Shared Hope is a valuable asset to what we are doing here in South Dakota. We are extremely grateful for their ability to create awareness and help us in our research of what other States have done successfully and how we can make our legislation more effective. They have been an invaluable partner, helping us to get the most out of our collaboration with our States’ Attorney and Attorney General’s office and helping us find the right words for our legislation in South Dakota.

What, in your mind, are the most notable legal and practical achievements that are a result of your advocacy and collaborative efforts?

We are now in the process of developing and strengthening a task force, which brings everyone to the table for the first time with a single focus; to work together and end human trafficking in South Dakota.

The support now from law enforcement on a state and federal level and many other service providers is so encouraging. I am overwhelmed with gratitude and filled with hope to see how many communities have responded. Everyone is eager to learn all they can about human trafficking so we can best incorporate protocols, procedures and responses within our own communities.
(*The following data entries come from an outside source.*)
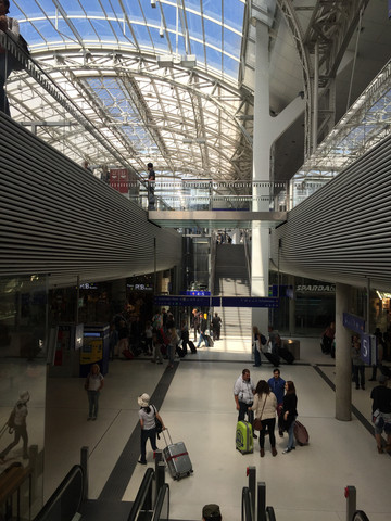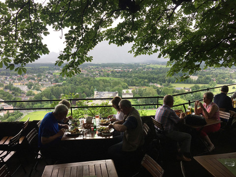 D6:(12日)今天上午11:40分由维也纳去萨尔茨堡。之前在国内通过奥地利交通网站购买了车票。这里还有一段小插曲:我们早早地就来到了客运大厅。到车站后Tao和晓遥就四处打听我们购买的车次应该在哪儿上车。一个小时的时间过去了,问了不少人包括车站方,都没有讲清楚上车地点。眼看就要到开车时间了,最后时刻一好心人看了我们的票,告诉我们:你们买的票上有一段德文,德文的意思是高铁票(一私营公司)。啊!原来是这样!现在离开车时间尚有15钟,好在高铁上车地点也在附近。于是,10人拉起箱子背起行囊百米赛跑,气踹嘘嘘终于在开车前登上了去萨尔茨堡的高铁。这有惊无险的旅途插曲,也成为我们东欧之行的笑谈。
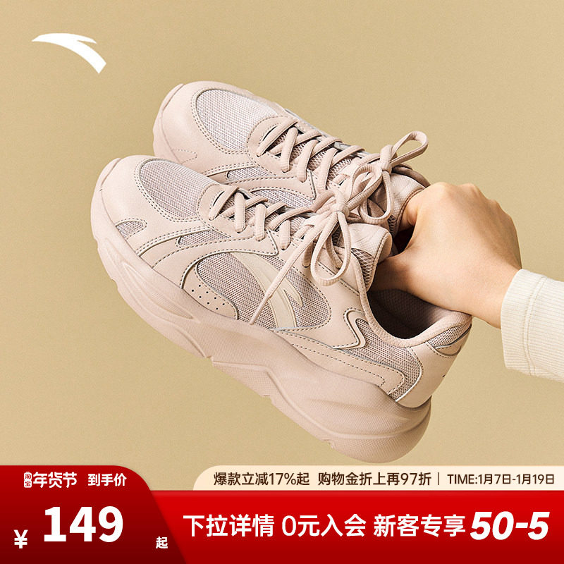 安踏不羁休闲鞋女子冬季厚底百搭增高软底老爹鞋学生小白鞋运动鞋
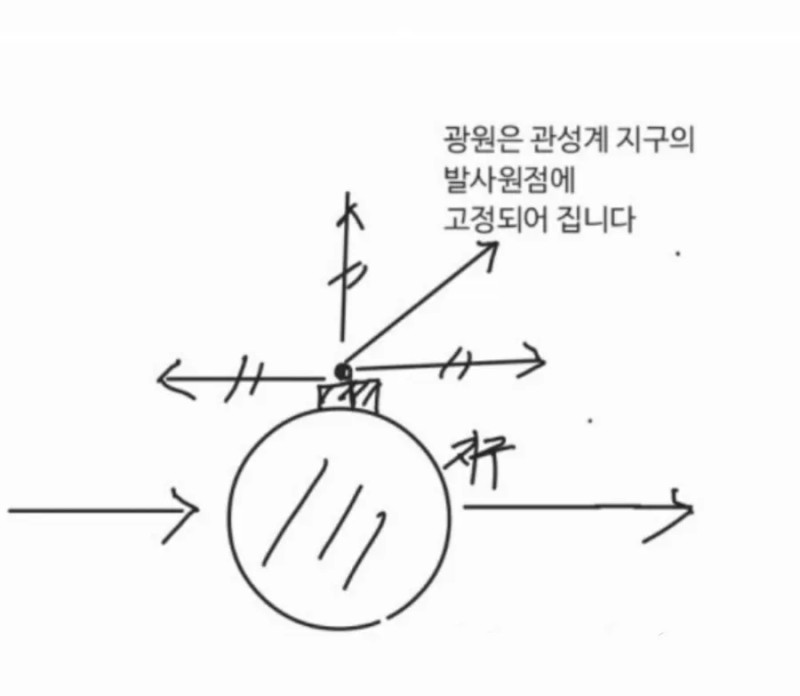 빛을발사한 관성계 지구의 발사원점 한곳에 고정되어집니다.

We have successfully worked together to change and strengthen legislation in South Dakota, create public awareness, effectively support and protect survivors, change the public view about victims and their unimaginable plight and successfully help survivors find the support they need to start over.

We continue to learn everyday how we can best work together in this process, promoting collaboration and unity so we might become a braided cord and effective advocates. If we stand together, each of us doing what we can, we will accomplish our mission and erase human trafficking… one community at a time.